In Most Cases, Women File False FIRs Under POCSO/SC-ST Act Using It As A Weapon To Grab Money From State: Allahabad HC

CASE TITLE: Ajay Yadav vs. State Of U.P. And 3 Others 2023 LiveLaw (AB) 254 [CRIMINAL MISC ANTICIPATORY BAIL APPLICATION U/S 438 CR.P.C. No. – 7907 of 2023]

DECIDED ON: 10.08.2023

CORAM: Hon’ble Shekhar Kumar Yadav,J.


The Allahabad High Court made a remark on Thursday stating that it is regrettable that currently, a significant number of cases involve women submitting untrue FIRs under the POCSO/SC-ST Act with the intention of exploiting it as a means to extract funds from the government. The Court emphasized the need to halt this trend.

The Court highlighted the trend of these baseless FIRs, which are primarily aimed at securing monetary gains from the government. This practice has the harmful consequence of tarnishing the reputation of innocent individuals within the community.


The recent statement from the Allahabad High Court lamented the unfortunate trend where a significant number of women are currently submitting false FIRs under the POCSO/SC-ST Act, utilizing it as a strategy to obtain financial gains from the government. The Court expressed its concern about this practice and emphasized the need for its cessation.

The Court observed that these fabricated FIRs are primarily aimed at extracting money from the government, leading to the detrimental consequence of tarnishing the reputation of innocent individuals within society.
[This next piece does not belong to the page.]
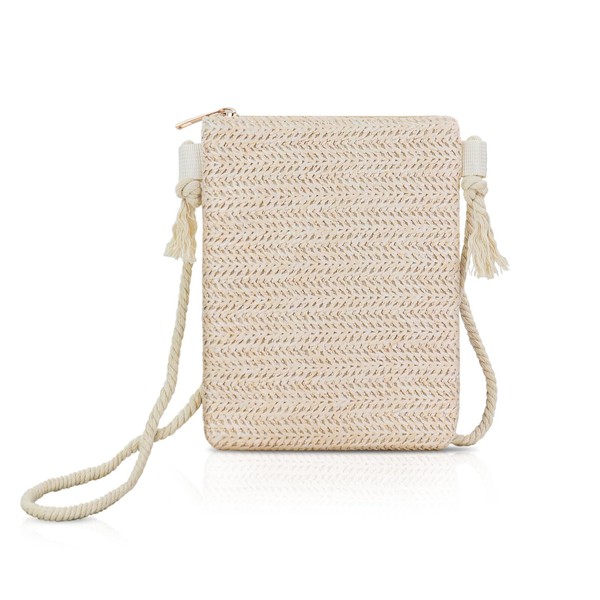 Energather Cell Phone Purse, Straw Crossbody Phone Purse Crossbody Cell Phone Purses for Women, Cell Phone Bag (beige)

Addressing the prevailing issue of increasing instances of sexual violence, the bench of Justice Shekhar Yadav further remarked, “Considering the widespread and consistently growing occurrences of such acts, I believe that it is essential for both the State of U.P. and the Union of India to recognize the gravity of this matter.” This observation was made while granting anticipatory bail to a rape accused.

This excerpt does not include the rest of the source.